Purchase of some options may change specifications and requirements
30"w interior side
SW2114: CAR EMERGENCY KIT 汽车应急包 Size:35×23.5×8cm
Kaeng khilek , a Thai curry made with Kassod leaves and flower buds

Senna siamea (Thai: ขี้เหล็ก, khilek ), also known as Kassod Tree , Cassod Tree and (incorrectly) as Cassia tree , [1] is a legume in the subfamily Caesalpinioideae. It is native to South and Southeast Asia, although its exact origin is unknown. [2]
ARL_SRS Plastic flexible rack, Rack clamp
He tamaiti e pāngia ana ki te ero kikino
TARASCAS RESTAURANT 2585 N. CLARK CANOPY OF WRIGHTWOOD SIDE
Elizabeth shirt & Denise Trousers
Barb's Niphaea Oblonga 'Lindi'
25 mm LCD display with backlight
---
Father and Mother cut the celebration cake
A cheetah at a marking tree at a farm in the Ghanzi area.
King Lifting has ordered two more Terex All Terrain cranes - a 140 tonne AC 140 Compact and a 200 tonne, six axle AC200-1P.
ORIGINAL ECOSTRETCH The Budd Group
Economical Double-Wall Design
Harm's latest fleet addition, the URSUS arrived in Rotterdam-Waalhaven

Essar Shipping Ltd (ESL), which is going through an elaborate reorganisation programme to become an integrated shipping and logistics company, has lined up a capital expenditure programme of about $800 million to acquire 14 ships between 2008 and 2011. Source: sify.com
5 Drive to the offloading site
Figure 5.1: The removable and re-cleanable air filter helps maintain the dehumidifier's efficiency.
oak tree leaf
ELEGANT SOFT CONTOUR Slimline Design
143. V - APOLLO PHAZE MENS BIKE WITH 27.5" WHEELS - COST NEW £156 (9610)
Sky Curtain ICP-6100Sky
---
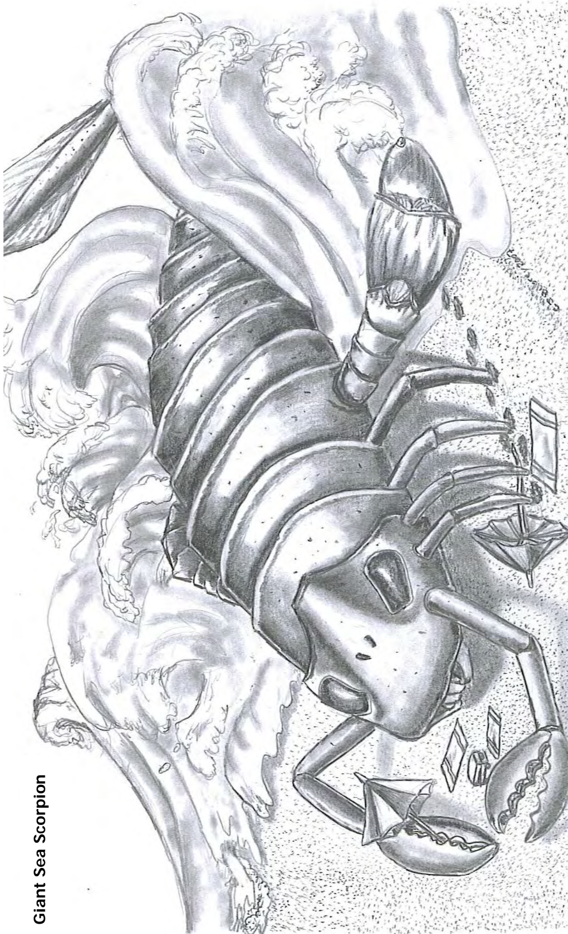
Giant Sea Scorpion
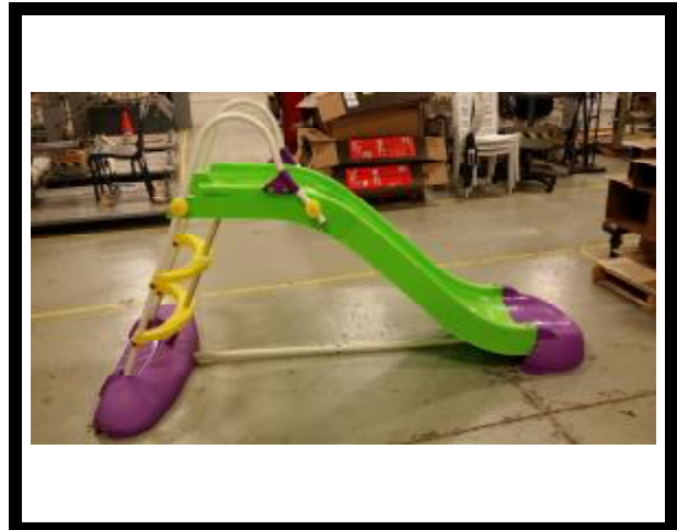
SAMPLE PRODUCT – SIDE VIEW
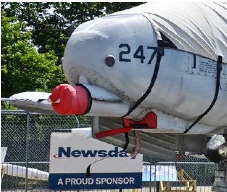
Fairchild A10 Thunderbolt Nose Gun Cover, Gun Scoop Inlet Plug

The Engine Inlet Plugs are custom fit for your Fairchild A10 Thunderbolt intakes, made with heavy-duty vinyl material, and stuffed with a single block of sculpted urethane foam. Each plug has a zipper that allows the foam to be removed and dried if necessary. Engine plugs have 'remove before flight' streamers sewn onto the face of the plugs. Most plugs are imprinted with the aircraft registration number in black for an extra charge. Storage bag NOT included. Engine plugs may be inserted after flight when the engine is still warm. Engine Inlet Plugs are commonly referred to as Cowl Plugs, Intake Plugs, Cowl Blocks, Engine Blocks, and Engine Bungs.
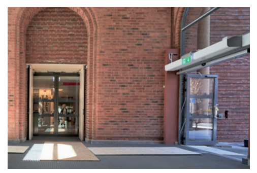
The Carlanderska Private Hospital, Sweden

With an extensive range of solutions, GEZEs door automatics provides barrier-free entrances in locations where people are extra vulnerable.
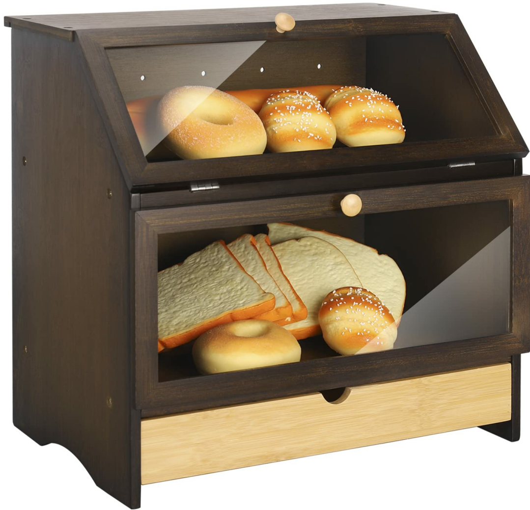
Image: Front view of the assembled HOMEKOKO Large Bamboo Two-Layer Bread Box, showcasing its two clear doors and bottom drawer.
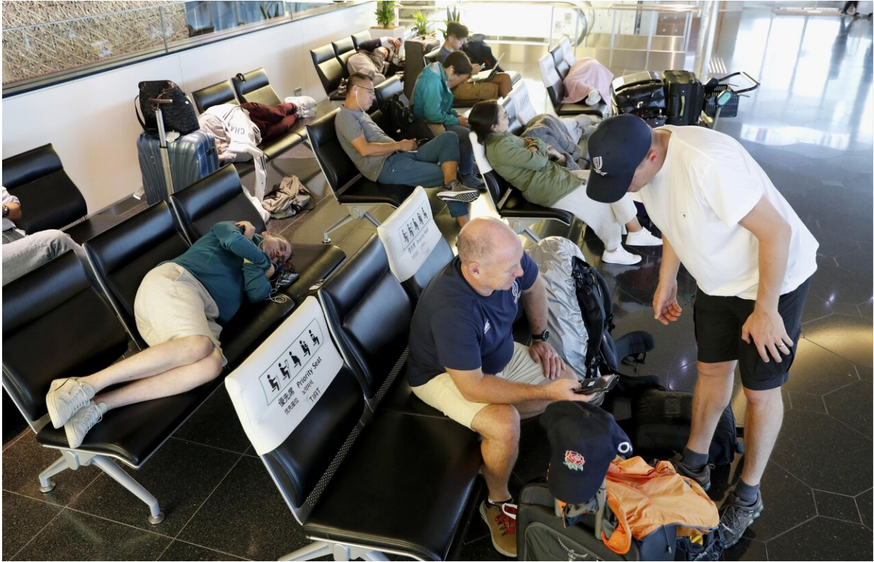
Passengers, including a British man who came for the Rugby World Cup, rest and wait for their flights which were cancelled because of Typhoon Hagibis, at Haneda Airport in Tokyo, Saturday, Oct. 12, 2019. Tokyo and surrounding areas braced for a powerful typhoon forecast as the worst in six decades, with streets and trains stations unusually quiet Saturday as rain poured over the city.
---
_What this task involves_
Copy out the lines above from the line containing "Fairchild A10 Thunderbolt Nose" through the line containing "The Carlanderska Private Hospital, Sweden", exactly, and keep the pictures out.

_The completed task_
Fairchild A10 Thunderbolt Nose Gun Cover, Gun Scoop Inlet Plug

The Engine Inlet Plugs are custom fit for your Fairchild A10 Thunderbolt intakes, made with heavy-duty vinyl material, and stuffed with a single block of sculpted urethane foam. Each plug has a zipper that allows the foam to be removed and dried if necessary. Engine plugs have 'remove before flight' streamers sewn onto the face of the plugs. Most plugs are imprinted with the aircraft registration number in black for an extra charge. Storage bag NOT included. Engine plugs may be inserted after flight when the engine is still warm. Engine Inlet Plugs are commonly referred to as Cowl Plugs, Intake Plugs, Cowl Blocks, Engine Blocks, and Engine Bungs.
The Carlanderska Private Hospital, Sweden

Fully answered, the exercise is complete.